Scratch Bryn Terfel and he’ll sing for youComment on this story
Bryn Terfel, the internationally renowned Welsh bass-baritone, arrived in South Africa on Thursday for a short but intensive tour, visiting Cape Town, Johannesburg, Pretoria and Durban. Paul Boekkooi had some questions ready for this inspiring vocal artist.
Being a singer born and bred in Wales, can you tell us what it is that makes Welsh voices such a rare breed?
By the way, while working as a student in a record shop, among the best-selling popular classical titles there were recordings of Welsh (mostly massed) choirs. They say that if you scratch a Welshman he’ll sing for you. From an early age, there are plenty of opportunities to sing in school, chapel, youth, male voice and mixed choirs, rugby matches.
It’s just a natural thing to do. I think the Welsh language also helps, there’s a natural lilt to the language. I find that the many vowels in the Welsh language make it easier for me to sing in foreign languages.
The bass-baritone is arguably the most versatile of all voice types and the one with the widest range. Did you fit naturally in this voice category after your voice broke as a teenager, or was it a deliberate choice?
Unlike most male singers I didn’t have a long period of not being able to sing at all once my voice broke. One day I was a boy soprano and the next day a bass baritone. You don’t have a choice of what voice you are, you have to let nature take its course and let the voice settle where it’s comfortable.
You are most likely best known for your vocal and dramatic portrayal of the title role in Verdi’s Falstaff. Apart from all the challenges, isn’t this also one of a handful of roles one can sing up to an old age?
When I first decided to sing Falstaff a lot of people in the opera world thought I was too young to take it on, as at the time it was looked upon as an old man’s role, mainly sung by singers drawing towards the end of their career.
It is such a great character to get your teeth into and as the padding, wig and make-up are fitted you can slowly become Sir John whatever your true age. As you get older you obviously don’t need as much help with the padding etc…!
I remember one reviewer, writing about one of your earliest German lieder recordings, who stated that he could hear that you’d become a great Wotan in Wagner’s Ring one day. This is already history. Was he a prophet or did you eye this role for a long time before feeling ripe enough to add it to your repertory?
I think most singers look towards the Wagnerian roles as being a pinnacle in the operatic repertoire. One has to learn to walk before one can run and that’s why I think it’s essential to have a good grounding in Mozart roles, all of which are little gems, before exploring the vastness of roles such as Hans Sachs and Wotan. For the first 10 years of my career I concentrated on the Mozart roles, then dipped my toe into the realm of Wagner by singing Donner followed by Wolfram before contemplating Hans Sachs and Wotan.

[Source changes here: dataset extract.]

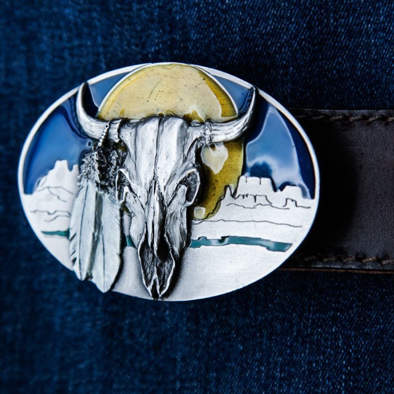 バッファロースカル&フェザー ベルト バックル/Buffalo Skull&Feathers Belt Buckle

Do you have an equal fondness for singing opera roles in contrast with the more intimate song recital?
There are some singers who are just content to sing opera but I’ve always enjoyed singing song, be it German, French or traditional, and delving into the British song repertoire gives me immense pleasure.
In opera one can hide behind the costume but in a recital it’s just you and your trusty accompanist trying to express the poetry and music in a way that will give pleasure to an audience.
You performed Méphistophélès in Gounod’s Faust at the ROH. What specific vocal and dramatic challenges do these “bad boys” in various operas hold for you?
Yes, I finished the run of performances of Faust last week. I really enjoy being a “baddie” or a villain. Dramatically one has to try not to “overdo” it, it’s like a comedian when he tries too hard to be funny; the jokes can be lost on the audience. Vocally, one has to be careful, when trying to express the evilness in your voice, that the tone and colour don’t become too harsh.
As a cross-over artist who seldom loses face in the process: What attracts you to the more informal, perhaps also less intellectual, repertory? And isn’t it so that most folk-related or traditional works can be elevated to a legitimate art form?
I’ve never pigeon-holed music into categories. I’ve always thought that if you really enjoy singing a song, whether it is Roxanne or Wotan’s farewell, the audience will see your enthusiasm and enjoy it and hopefully go away and explore a genre of music that previously their ears had been closed to. The songs of my homeland Wales are the most important things I have ever sung and will ever sing, so I always include at least one in a recital so that audiences can hear them probably for the first time and hopefully enjoy their beauty.